The blockages of roads with dams by the protesters gave a strong visibility to the movement, but prevent the holding of large gatherings.
by
The call for a “general strike” to protest against the immunization obligation of caregivers and the sanitary pass, launched in Guadeloupe on November 15, continues to expand in the overseas communities. After Martinique, Monday, November 22, an intersenynical announced a disengagement in several sectors in French Polynesia, Thursday, November 25, relying on similar claims: At first, the reintegration of the employees suspended for refusing to be made Vaccinate against COVID-19, before the opening of negotiations on broader social issues, including increase in salaries and purchasing power.
In French Polynesia, the movement mobilizes little, for the moment, in the public service: less than 1% of the employees of the education and the Polynesian administration went on strike – a rate a little more important is found in the private sector. In Martinique, the General Confederation of Labor of the Island assured that “more than 1,500 people” participated in the initiated strike, since Monday, by the unions. The magnitude of mobilization is also at the center of the discussions in Guadeloupe, where the authorities challenge the protesters the right to speak for the whole population.
“There is a recalcitrant minority that can not take a whole island hostage, a violent minority that can not prevent women and men from being treated,” said the spokesman of the government, Gabriel Attal, during the minutes of the Council of Ministers, Wednesday, in a reference to dams erected on the roads of Guadeloupe and disturbing traffic for a week. “The services of the State continue to mobilize relentlessly to quickly reach the return to the calm to which aspires the vast majority of Guadeloupéens”, also announced the prefecture of the archipelago, Thursday, stating that ten arrests had taken place during the night.

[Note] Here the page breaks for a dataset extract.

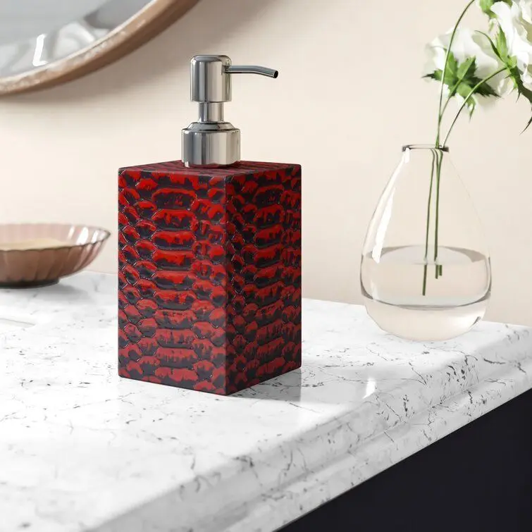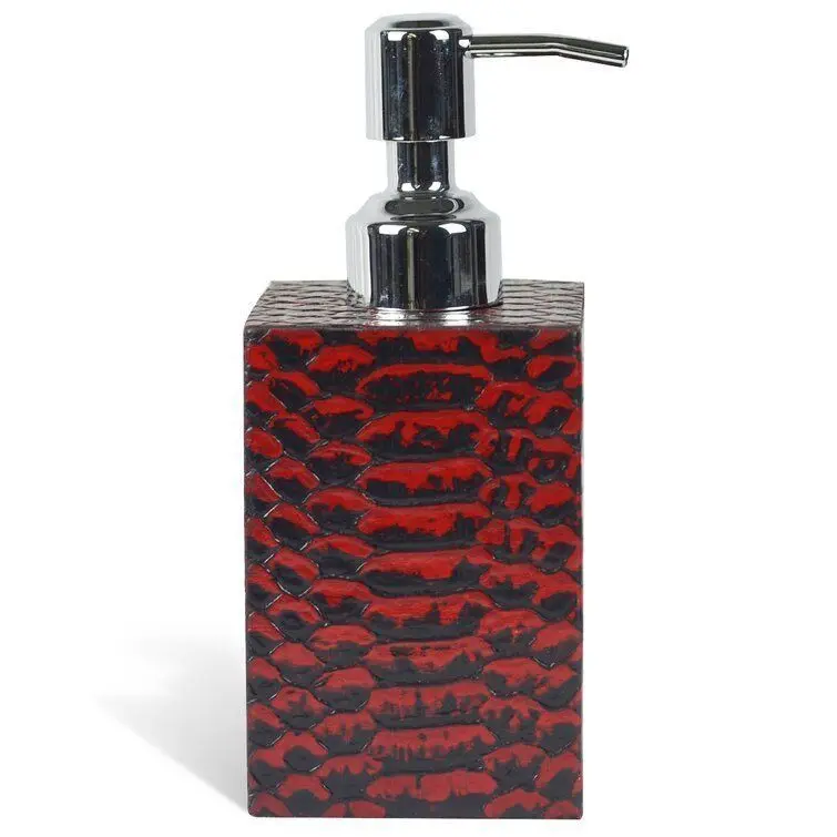 - With Lotion Dispenser, store your lotion or liquid soap dispenser that adds a nice accent to any room. Perfect for bathroom or kitchens in need of a punch of style. Made out of genuine leather. To clean use damp cloth.

“Okay on the bottom, not on the form”
In fact, the “general strike” amputated by the protesters does not exist in Guadeloupe. If part of the economic activity is disrupted by dams, mobilization is much less massive than the popular movement against expensive life, in 2009. “The dams prevent people from joining the protests,” says Eric (who n. ‘did not wish to communicate his last name), Resident of Baie-Mahault came to participate in the first “General Marche” organized since November 15th.
You have 56.66% of this article to be read. The rest is reserved for subscribers.